━━ COLLECTED MATERIAL

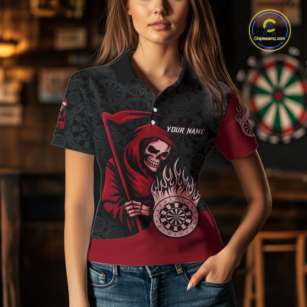 Custom Red Grim Reaper Flame Dartboard Dart Polo Jerseys For Women Dart Shirt Gifts NYN1646
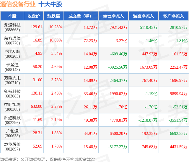 个股表现方面,通信设备行业当日领涨股为鼎通科技(688668),该股当日报收129.61,上涨10.28%,成交量13.72万,主力资金净流入7921.42万元。东方通信(600776)以上涨10.03%紧随其后,该股当日成交量72.23万,主力资金净流入3.27亿元。除此之外,*ST天喻(300205)、长盈通(688143)、万隆光电(300710)均进入当日牛股之列。具体个股列表见下表:
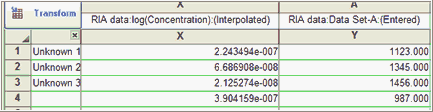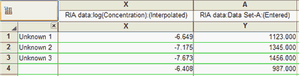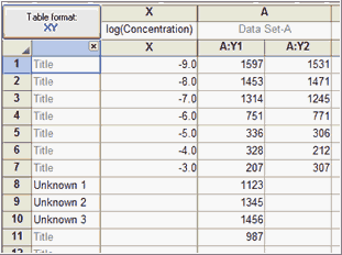 前七行包含两份标准曲线。其下方是三个未知值。这些未知值有您测得的 Y 值,但没有 X 值。本次分析的目标是插值求出这些未知量的对应 X 值(浓度)。请注意,四个未知量中有三个标有标签,以便您稍后将结果与标签进行匹配。
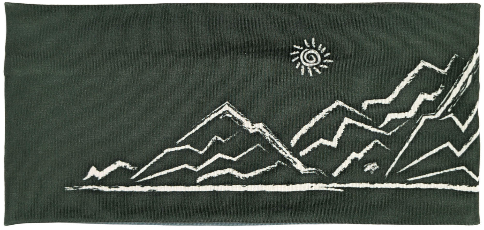 Dieses Stirnband kombiniert ein dunkles Tannengrün mit einem diagonalen Einsatz in gedecktem Blaugrau. Die cremeweiße, skizzenhafte Berglandschaft mit kleiner Sonne und einem Steinbock auf einem der Gipfel sorgt für einen ruhigen, alpinen Look.

━━━━

• _EXERCISE GOAL_: Word for word, restate all of the material above except its pictures.

• _YOUR RESPONSE_:
 Custom Red Grim Reaper Flame Dartboard Dart Polo Jerseys For Women Dart Shirt Gifts NYN1646
 个股表现方面,通信设备行业当日领涨股为鼎通科技(688668),该股当日报收129.61,上涨10.28%,成交量13.72万,主力资金净流入7921.42万元。东方通信(600776)以上涨10.03%紧随其后,该股当日成交量72.23万,主力资金净流入3.27亿元。除此之外,*ST天喻(300205)、长盈通(688143)、万隆光电(300710)均进入当日牛股之列。具体个股列表见下表:
 前七行包含两份标准曲线。其下方是三个未知值。这些未知值有您测得的 Y 值,但没有 X 值。本次分析的目标是插值求出这些未知量的对应 X 值(浓度)。请注意,四个未知量中有三个标有标签,以便您稍后将结果与标签进行匹配。
 Dieses Stirnband kombiniert ein dunkles Tannengrün mit einem diagonalen Einsatz in gedecktem Blaugrau. Die cremeweiße, skizzenhafte Berglandschaft mit kleiner Sonne und einem Steinbock auf einem der Gipfel sorgt für einen ruhigen, alpinen Look.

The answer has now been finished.